A new brief by the Center on Budget and Policy Priorities shows that the income gap between the richest Americans and the rest of the population has more than tripled in the last 30 years. Not at any other time since 1928 has income been so concentrated at the top of the scale.
Between 1979 and 2007, the top 1 percent of earners increased their income by 281 percent, translating to an increase of $973,100 per household. Comparatively, the bottom fifth of households increased their incomes by only 16 percent, amounting to a real increase of about $2,400 per household over the course of almost 30 years.
Concurrently, in 1979, the incomes of the top 1 percent of Americans were 23 times higher than the poorest fifth of Americans. But by 2007 they were 75 times higher–triple the gap of a few decades ago.
Underneath these numbers lies the heart of the problem for many poor New Yorkers. They have simply been left out of economic playing field. Another report from today’s New York Times adds more to the story, showing that over the past five years, increases in the cost of living have far outpaced wages. While median wages have increased by 16 percent since 2000, the amount needed to cover basic costs of living has increased between 20 and 42 percent.
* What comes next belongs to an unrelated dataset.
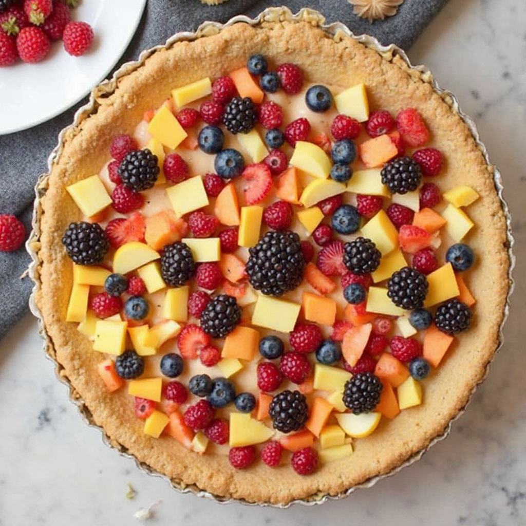 La Tarta de Frutas Frescas es un postre delicioso y refrescante, especialmente popular en pequeñas ciudades de Estados Unidos como Lambertville, Nueva Jersey. Esta receta utiliza frutas frescas locales, lo que la hace única para cualquier época del año. Es perfecta para disfrutar después de un almuerzo o cena ligera, o simplemente como un tentempié dulce.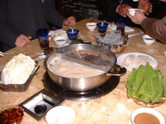こちらは、しゃぶしゃぶの夕食。お店自体が博物館のようになっているレストラン。置いてある物はすべて年代ものばかり。スープは辛口と普通味の2種類で、肉はマトン。野菜もほうれん草・白菜・レタス・大根・瓜とバランスも抜群。タレはしょうゆ味とゴマ味があったが、ゴマ味にパクチーを加えた物がおすすめ。

The National Low Income Housing Coalition also reports on this data every year in their “Out of Reach” report.
This disparity between income and the cost of living is the simple reason why many families become homeless and why the new DHS Commissioner’s emphasis on jobs is not the answer to homelessness. Jobs that continue to provide insufficient wages will in no way begin to address poverty and homelessness.
So here we are–the cost of living continues to move further and further out of reach for low-income Americans as their wages get smaller, their costs get higher, and the wealthiest Americans get wealthier. And yet it’s not enough to convince our elected officials (specifically the Mayor and the Governor) to propose modest tax increases on the wealthy or stop cutting services to the poor. They continue to feed the disparity in this year’s City and State budget.
How great can this disparity get? We have yet to find out.